A second group of 36 hypotheticals do not have discernible homology to known nucleotide binding domains. Interestingly, among the 36, four are predicted to be essential for optimal growth in vitro (Sassetti, et al., 2003), and four are predicted to be essential in infection (Sassetti and Rubin, 2003) (Supplemental Table S1). Moreover, most of these proteins are taxonomically limited: 22 are found only in Actinobacteria, nine are limited to Mycobacteria, and three proteins are found only in M. tuberculosis (Rv0394c, Rv0831c, Rv1507c). With the absence of any sequence motifs that link the 36 unknowns to nucleotide binding, this group provides a large and completely unexplored set of highly likely novel nucleotide binding proteins that may reveal new nucleotide binding sequences, domains, or folds.
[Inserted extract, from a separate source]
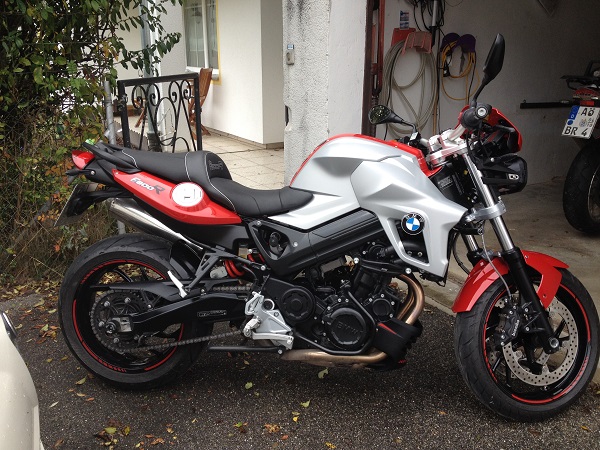 anbei 3 Bilder meiner nur sehr leicht modifizierten F 800 R. Die lackierten Kunststoffteile
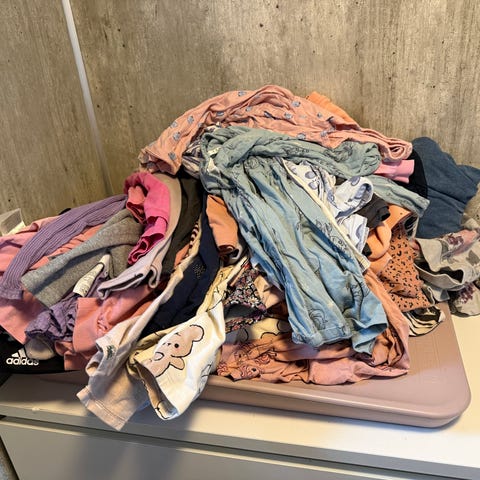 Både finskjorter, joggebukser, tskjorter gensere (tykke og tynne). Samt et pirat kostyme

Further analysis of hypotheticals not previously identified by in silico prediction revealed that three genes, Rv3614c-3616c, likely form an operon. All three proteins were labeled by ATP-ABP; we validated ATP-binding of one of these three proteins, Rv3614c, by recombinant expression and labeling (Figure 4A). All three are annotated as hypothetical and lack homology to any known protein domains, all three are essential for growth during infection (Sassetti and Rubin, 2003), and all three are taxonomically restricted to Mycobacteria. Recently, they have been shown to be essential for ESX-1-dependent protein secretion (type VII secretion system, or T7SS) and Mtb virulence (Fortune, et al., 2005; MacGurn, et al., 2005). Mycobacterial paralogs to these three genes occur next to the AAA family ATPase of T7SS, suggesting that these may be ATP-binding proteins or part of a complex that includes ATPases. Their essential function in T7SS, and lack of sequence homology, make them a particularly exciting set of priority targets for further functional characterization.
ATP-ABP labeling of T7SS-associated hypothetical proteins also occurs in proteins encoded in the eleven-gene operon Rv0282- Rv0292, one of four extended T7SS cassettes in the genome. Rv0282 is the AAA family ATPase of this T7SS cassette and was identified in our screen with 4-fold enrichment over the negative control (Supplemental Table S2). The ATP-ABP label also decorates proteins Rv0283 and Rv0284, encoded by genes that follow Rv0282 in tandem with overlapping stop/start codons that strongly suggest formation of a physical complex. Additional evidence for ATP binding of the protein complex is that Rv0284 contains three ATP/GTP binding site P-loop motifs.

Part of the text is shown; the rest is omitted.